Posting List Data Levels
Level	Data Stored	Enables	Storage Cost
Docs only	Document IDs	Boolean search	Lowest
Frequencies	Doc IDs + term freq	TF-IDF ranking	+20-40%
Positions	Doc IDs + freq + positions	Phrase queries, proximity	+100-200%
Offsets	Doc IDs + freq + positions + char offsets	Highlighting	+50-100%
Payloads	Custom per-position data	Advanced scoring	Variable

Why Sorted Document IDs Matter:

Posting lists are sorted by document ID. This enables:

Efficient Intersection: Boolean AND queries require finding documents in ALL posting lists. With sorted lists, we use merge-join:

Query: "quick" AND "fox"
"quick" posting: [1, 2, 4, 7, 10]
"fox" posting:   [1, 3, 4, 6, 10, 15]

Merge intersection:
  Compare 1, 1 → Match! Add 1
  Compare 2, 3 → Advance first
  Compare 4, 3 → Advance second  
  Compare 4, 4 → Match! Add 4
  Compare 7, 6 → Advance second
  Compare 7, 10 → Advance first
  Compare 10, 10 → Match! Add 10
  
Result: [1, 4, 10]

Time complexity: O(m + n) for two lists of length m and n—dramatically better than O(m × n) for unsorted lists.

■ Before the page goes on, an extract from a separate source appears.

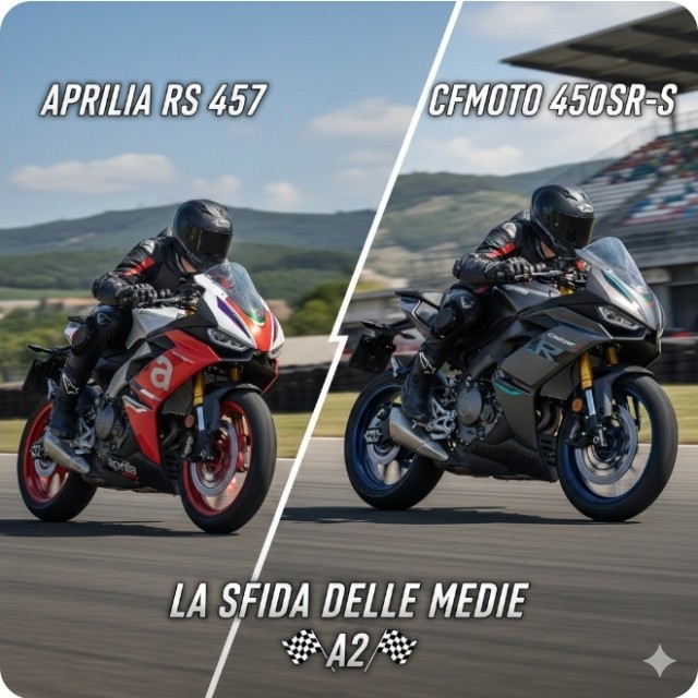 Da un lato abbiamo l'Aprilia RS 457, l’ultima nata della dinastia di Noale che punta tutto sul pedigree racing e sul telaio in alluminio; dall'altro la CFMOTO 450SR-S, l'evoluzione "premium" della sportiva cinese che sfida le gerarchie europee con una dotazione tecnica sorprendente e un design audace.

Compression: Sorted IDs allow delta encoding:

Original:       [1, 2, 3, 17, 42, 100, 105, 1000, 1001, 1005]
Delta encoded:  [1, 1, 1, 14, 25, 58, 5, 895, 1, 4]

Smaller values compress better using variable-byte encoding.

The High-Frequency Term Problem

Skip Lists and Block Encoding: Speed Optimizations

Raw posting list traversal is O(n) for a list of n documents. For long posting lists, this is too slow. Two key optimizations accelerate traversal: skip lists and block encoding.

Skip Lists: Jumping Ahead

A skip list adds express lanes that allow jumping over multiple postings:

Level 2:  1─────────────────────────42────────────────────────►1000
Level 1:  1─────────17──────42────────────105─────────────────►1000
Level 0:  1──2──3──17──42──100──105──1000──1001──1005

To find doc 105:
  Level 2: 1 → 42 (skip, 42 < 105) → 1000 (too far, go down)
  Level 1: 42 → 105 (found!)
  
Steps: 4 instead of 8

With skip lists, we can answer "is document X in this posting?" in O(log n) instead of O(n).

When skip lists help:

Intersection of posting lists of different sizes
Seeking to a specific document ID
Early termination in top-K queries

Block Encoding: Compression + Speed

Modern indexes (Lucene, Elasticsearch) use block encoding:

Divide posting list into fixed-size blocks (e.g., 128 documents)
Store block metadata: min docId, max docId, compressed size
Compress each block using efficient integer compression

Posting list: [1, 2, 3, ..., 128, 129, 130, ..., 256, ...]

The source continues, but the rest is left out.